The water still frigid enough to shock my body a little, but my adrenaline kept me warm. I immediately headed to the first buoy where we would turn right and then head in triangular pattern.
I felt really good during the first lap. For the first time in an Ironman race I was actually passing people and it felt amazing. I still felt pretty strong as I made the turn for the second lap, but I did slow down a bit.
As much as I thought I loved my long sleeve wet suit, I didn’t have the mobility in my arms, that I developed during training, and I had to strain to lift my arm into a streamline position. I listened to myself hypothesize about it and I thought, “Am I really thinking this? Did I really become a decent enough swimmer to even contemplate it?”

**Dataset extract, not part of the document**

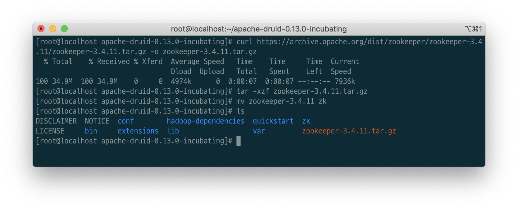 $ wget https://archive.apache.org/dist/incubator/druid/0.13.0-incubating/apache-druid-0.13.0-incubating-bin.tar.gz

On the second lap, the wind picked up again and I thought I was swimming in my washing machine. I got tossed around and the effort level increased. I did end up breast stroking intermittently for a few minutes to catch my breath and realign my siting, but I continued. My habit of zig zagging didn’t show up until the last straight away while I was trying to sight on the finish. The waves were pushing me in the wrong direction, but my sighting was able to put me back on a good path. I jumped out of the water and ran towards the timing mats, and as I crossed I looked down at my watch – 1:10.
1:10? Really? I had to double check it twice. If I added the 800 meters back on I would have finished around 1:25-1:30 which, was my goal.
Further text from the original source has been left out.